Patients risk being lost when follow-up appointments after they have had an inpatient stay are not booked, says HSIB’s latest national report.

The issue of outpatient appointments not being made after an inpatient stay is a recognised issue across the NHS. This was reflected in HSIB’s evidence from staff interviews and focus groups, and examples from their previous investigations. They found that the lack of national data on the exact scale of the problem may exacerbate the issue – it is not widely reported and trusts often don’t know the intended appointment has not been booked unless informed by the patient.

HSIB examined the case of Pauline, a 54 year old woman who was discharged from hospital on two separate occasions and the intended follow-up appointments at specialist outpatient clinic were not made. Pauline had complex health issues and later died in hospital after a stay of two months. While her missed appointments did not contribute to her death, her case provided an insight into the issues that can be experienced by patients needing follow-up care.

HSIB’s national investigation identified the gaps in the assurance process behind booking outpatient appointments. They also considered opportunities for building resilience into the process to ensure timely appointments. For example, a key finding in the investigation was the lack of communication between IT systems in trusts. Joining up those systems would make it less likely that there are errors in the booking process. The report gives an example of one Trust that has fully integrated its outpatient appointment process with its IT system meaning all patients are automatically tracked and can be accounted for.

The investigation also considered the national drive to reduce the amount of in person outpatient appointments and the impact of digital transformation. They found that whilst this may improve efficiency and prevent some patients being ‘lost to follow up’, the national initiatives to transform outpatient services are not focused on building in assurance that intended appointments are made.

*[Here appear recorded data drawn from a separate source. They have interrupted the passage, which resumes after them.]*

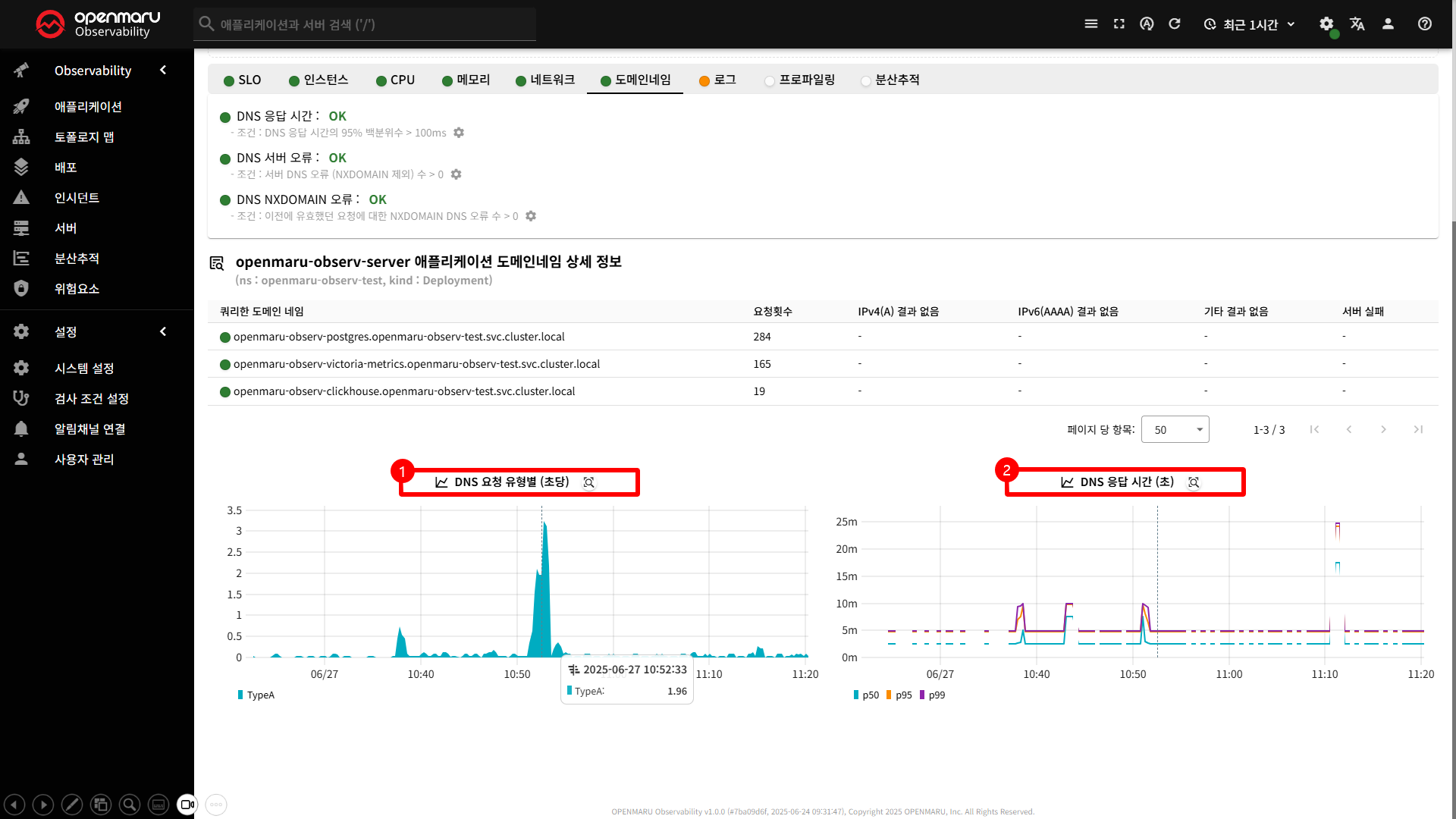 DNS 응답 시간을 백분위수 별로 집게합니다.
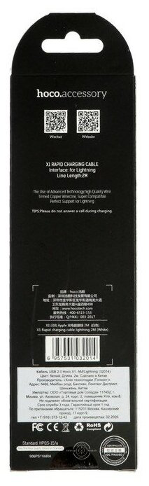 СохранитьUSB дата кабель Lightning, HOCO, X1, 2M, белый интересное:
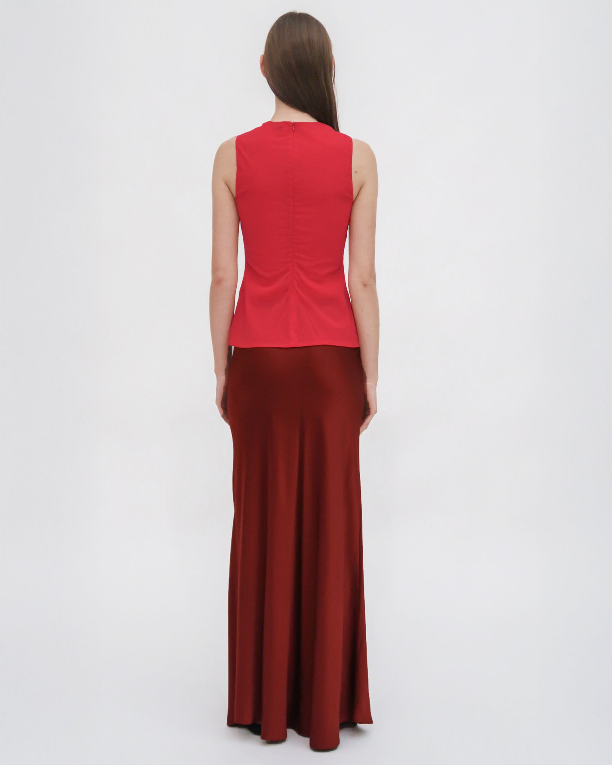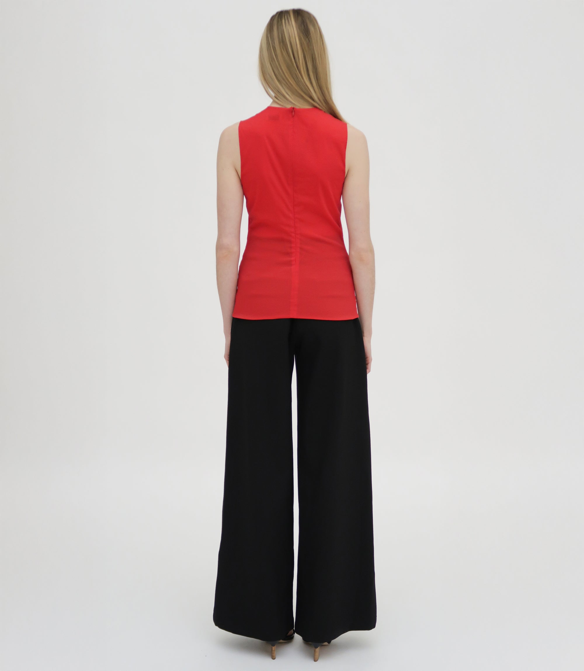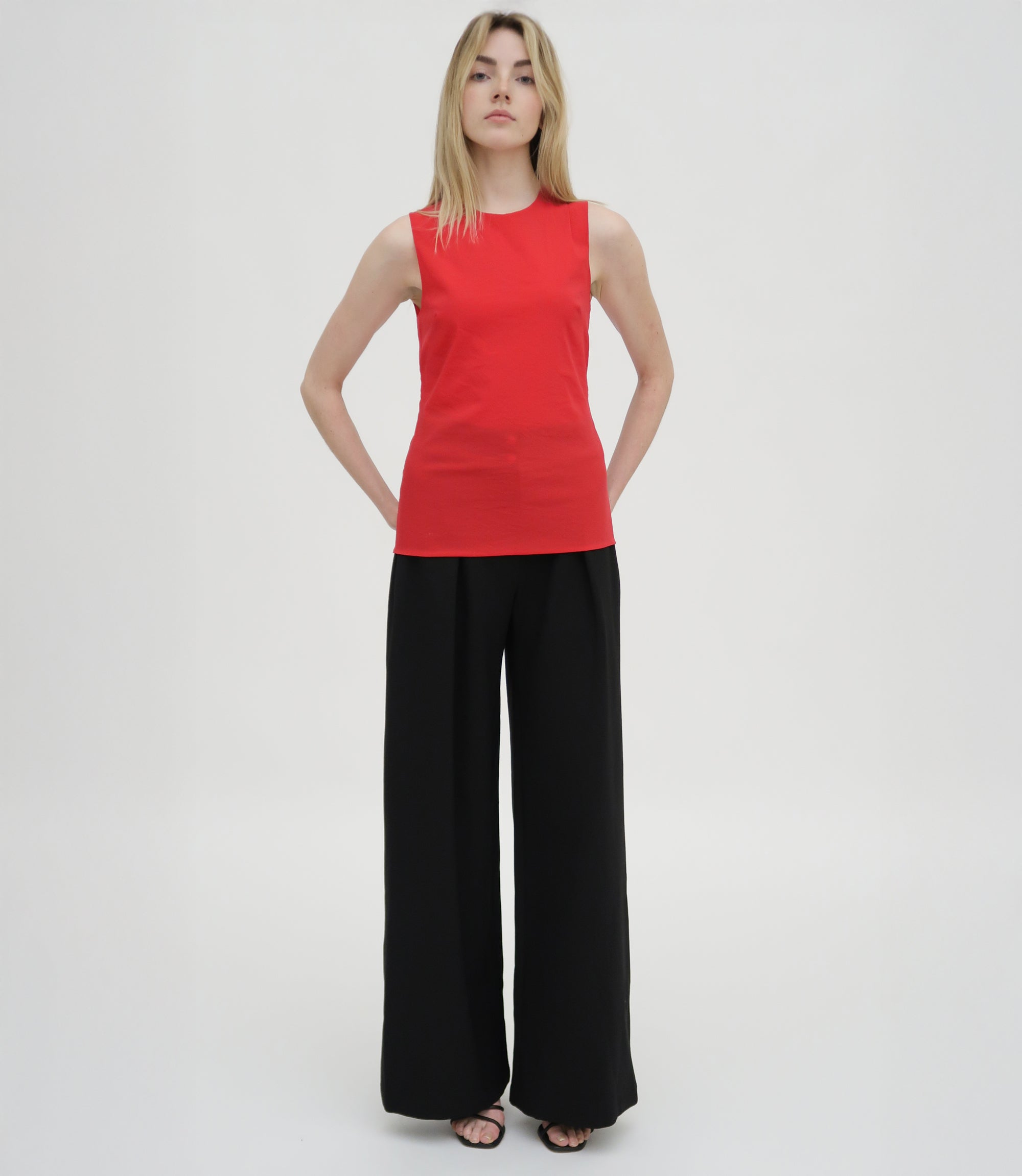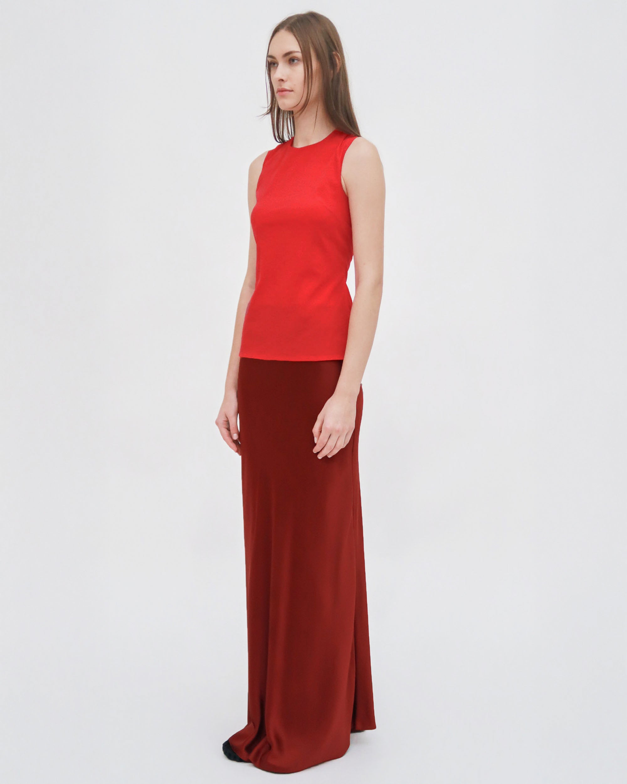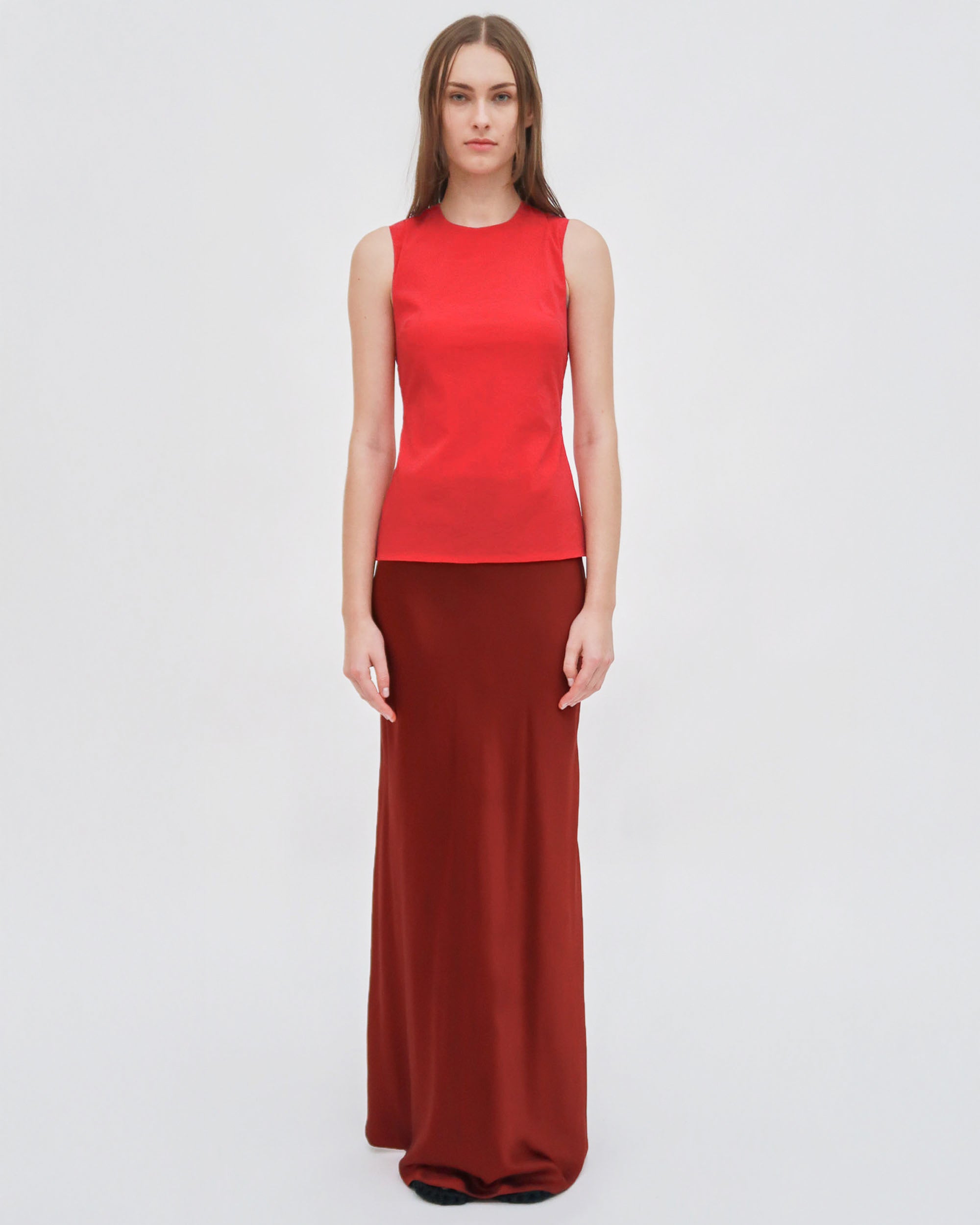 Crafted of Fluid Stretch Organza, a semi-sheer fabric with comfortable stretch, the Fitted Crewneck Tank Top is a classic fitted shell top. It can be worn as a base layer or paired with other materials for a dimensional look, but with two layers of fabric, it offers adequate coverage for wear on its own.

The report concludes with two safety recommendations that are aimed at reducing the chance that patients will be lost after an inpatient stay and supporting the staff within trusts who are responsible for arranging appointments and tracking patients.

Dr Lesley Kay, Deputy Medical Director at HSIB says “With a national focus on the use of technology and Covid-19 expediting the use of virtual appointments, the way that outpatients are seen will inevitably change. However, whether the appointment is in person or conducted virtually, the process for booking outpatients is the same. This is why it is important that the booking process is underpinned by robust assurance.

“Our investigation sought to not only show where current gaps in the booking process are but where the opportunities are to improve that process. We recognise the daily challenges facing the NHS as they tackle the fallout of the pandemic, and our safety recommendations are aimed at shifting the demand from staff to ensuring resilience and integration in the systems they use. By influencing the future design of the process, we can help ensure staff are supported and patients aren’t losing access to crucial follow-up care and treatment.”